Simple DP

FlowerGarden

Source

This is a problem I've solved many times and for some reason every time I revisit it, I manage to get it wrong the first time. The thing here is that one is tempted to write a simple sorting routine or try to accommodate each flower by looking only at the flowers that have already been planted ಠ_ಠ. The key insight here is that we should plant the largest flower that can be placed in front of all flowers left to plant. With this in mind, the solution becomes quite simple. I wrote the solution in c++ just because and with readability in mind (the flower struct and the sorting routine are not necessary, for example).

#include<bits/stdc++.h>

using namespace std;

struct flower{
  flower(int height, int bloom, int wilt) : height(height), bloom(bloom), wilt(wilt) {}
  int height, bloom, wilt;
  bool operator < (const flower& that) const{
    return this -> height < that.height;
  }
};

bool overlap(const flower& first, const flower& second){
  if (first.bloom <= second.bloom)
  return first.wilt >= second.bloom;
  return second.wilt >= first.bloom;
}

class FlowerGarden {
public:
vector <int> getOrdering(vector <int> height, vector <int> bloom, vector <int> wilt) {
  int n = height.size();
  vector<flower> flowers;
  vector<bool> planted = vector<bool>(n, false);
  vector<int> ans;
  int flowers_left = n;

  for(int i = 0; i < n; i++)
      flowers.push_back(flower(height[i], bloom[i], wilt[i]));
  sort(flowers.begin(), flowers.end());

  while(flowers_left--){
    int next = -1;
    for(int i = n - 1; i >= 0; i--){
      if(planted[i])
        continue;
      next = i;
      for(int j = 0; next != -1 && j < n; j++){
        if(i == j || planted[j])
          continue;
        if(overlap(flowers[i], flowers[j]) && flowers[i].height > flowers[j].height)
          next =- 1;
      }
      if(next != -1)
        break;
    }
    ans.push_back(flowers[next].height);
    planted[next] = true;
  }
  return ans;
  }
};

BadNeighbors

Source

To deal with the circular neighborhood, we can solve two linear problems: one containing all elements except the first and one containing all elements except the last.
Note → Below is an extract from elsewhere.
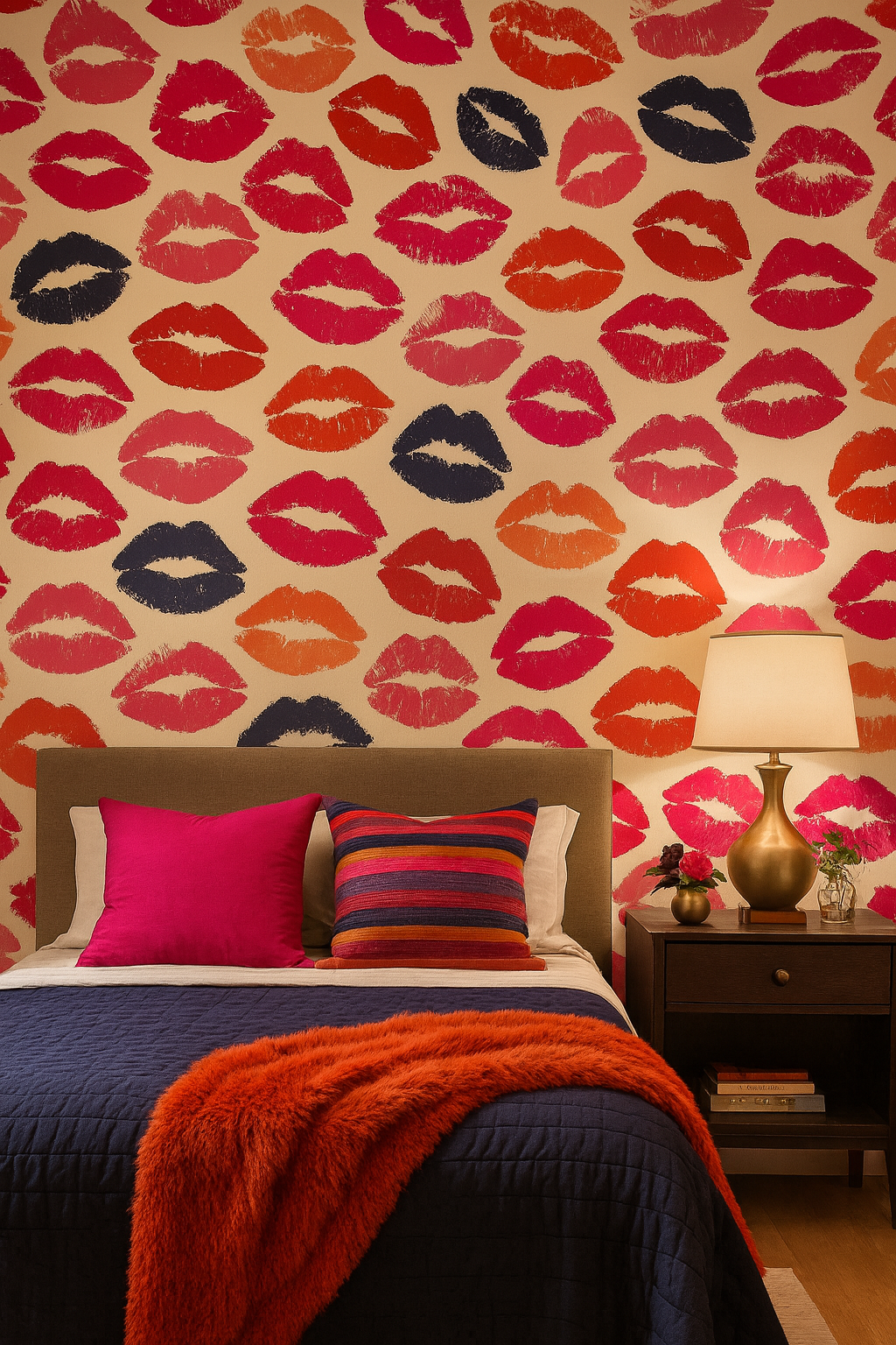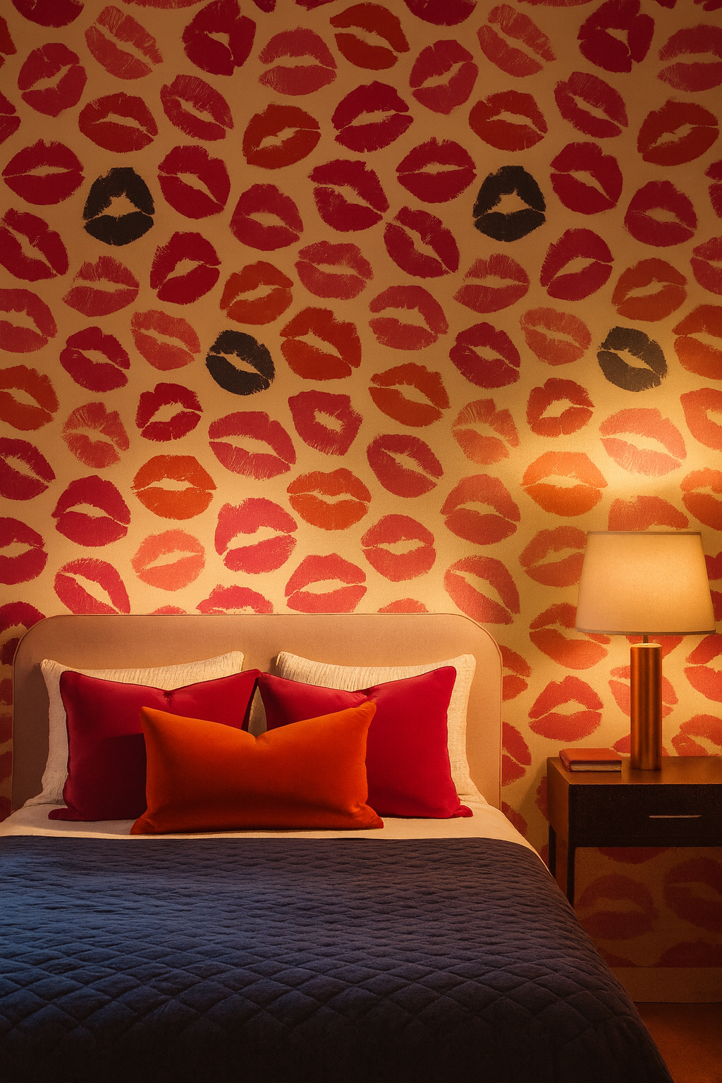 This bold, playful design captures the essence of romance and rebellion in one striking pattern. Stamped lipstick marks in vibrant shades of crimson red, fuchsia pink, coral, and deep navy scatter across a creamy background, creating a pop-art inspired effect. The imperfect texture of each kiss adds character, like brushstrokes of affection, giving the wall both intimacy and energy. Perfect for a modern boudoir, a statement powder room, or even a chic bar or boutique space, Velvet Kiss balances cheekiness with glamour. It pairs beautifully with metallic accents, black lacquered furniture, or even minimalist white interiors that need a burst of unapologetic personality.

Now, the solution can be done recursively (python code below) or using a bottom up dp approach (c++).

memo = dict()

def f(donations):
    if(tuple(donations) in memo):
        return memo[tuple(donations)]
    if(len(donations) < 3):
        return max(donations)
    if(len(donations) == 3):
        return max(donations[0] + donations[2], donations[1])
    memo[tuple(donations)] = max(donations[0] + f(donations[2:]), f(donations[1:]))
    return memo[tuple(donations)]

class BadNeighbors:
    def maxDonations(self, donations):
        return max(f(donations[:-1]), f(donations[1:]))
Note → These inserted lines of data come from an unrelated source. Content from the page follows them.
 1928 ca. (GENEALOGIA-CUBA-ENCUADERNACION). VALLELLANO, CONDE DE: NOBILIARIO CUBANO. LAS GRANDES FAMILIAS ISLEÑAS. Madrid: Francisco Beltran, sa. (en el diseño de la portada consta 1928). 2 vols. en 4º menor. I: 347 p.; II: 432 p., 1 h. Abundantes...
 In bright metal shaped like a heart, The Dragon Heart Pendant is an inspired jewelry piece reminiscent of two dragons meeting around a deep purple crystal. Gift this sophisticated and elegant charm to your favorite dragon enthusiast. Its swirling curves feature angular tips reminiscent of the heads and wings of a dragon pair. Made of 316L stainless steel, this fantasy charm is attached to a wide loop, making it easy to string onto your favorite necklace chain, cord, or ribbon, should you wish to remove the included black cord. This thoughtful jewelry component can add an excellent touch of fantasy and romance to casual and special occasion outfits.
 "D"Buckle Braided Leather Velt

Since each of the linear problems can be solved using a one-dimensional array $dp\_{i} = max(dp\_{i-1},dp\_{i-2} + donation\_{i})$ , we can solve the circular dependency problem by having a two-column table where the first column contains the best solution so far without taking the first element (first subproblem) and the second column taking it into account (second subproblem).

#include <bits/stdc++.h>

using namespace std;

int dp[50][2];

class BadNeighbors {
public:
	int maxDonations(vector <int> donations) {
		int n = donations.size();
		dp[0][0] = 0;
		dp[0][1] = donations[0];
		dp[1][0] = donations[1];
		dp[1][1] = max(donations[0], donations[1]);
		for(int i = 2; i < n; i++){
			int &money = donations[i];
			dp[i][0] = max(money + dp[i-2][0], dp[i-1][0]);
			dp[i][1] = max(money + dp[i-2][1], dp[i-1][1]);
		}
		return max(dp[n-1][0], dp[n-2][1]);
	}
};

ZigZag

Source

This is a longest increasing subsequence problem with a twist. Just keep track of the sign of each state and solve accordingly.

public class ZigZag{
   public int longestZigZag(int[] seq){
    int n = seq.length, best = Integer.MIN_VALUE;
        boolean[] neg = new boolean[n];
        int[] dp = new int[n];
        for(int i = 0; i < n; i++){
          if(i == 0)
                dp[i] = 1;
            else{
                for(int j=0; j < i; j++){
                    if(seq[j] == seq[i])
                        continue;
                    if( (dp[j] == 1 || neg[j] != seq[j] > seq[i]) && dp[i] < dp[j] + 1){
                      neg[i] = seq[j] > seq[i];
                        dp[i] = dp[j] + 1;  
                    }
                }
            }
            best = Math.max(best, dp[i]);
        }
        return best;
  }
}

Hawaiian

Source

The code speaks for itself.

import java.util.*;

public class Hawaiian{

	public String[] getWords(String sentence){
		String words[] = sentence.split("\\s+");
		List<String> hawaiian = new ArrayList<>();
		for(String word : words)
			if(word.toLowerCase().matches("[aeiouhklmnpw]+"))
				hawaiian.add(word);
		return hawaiian.toArray(new String[hawaiian.size()]);
	}
}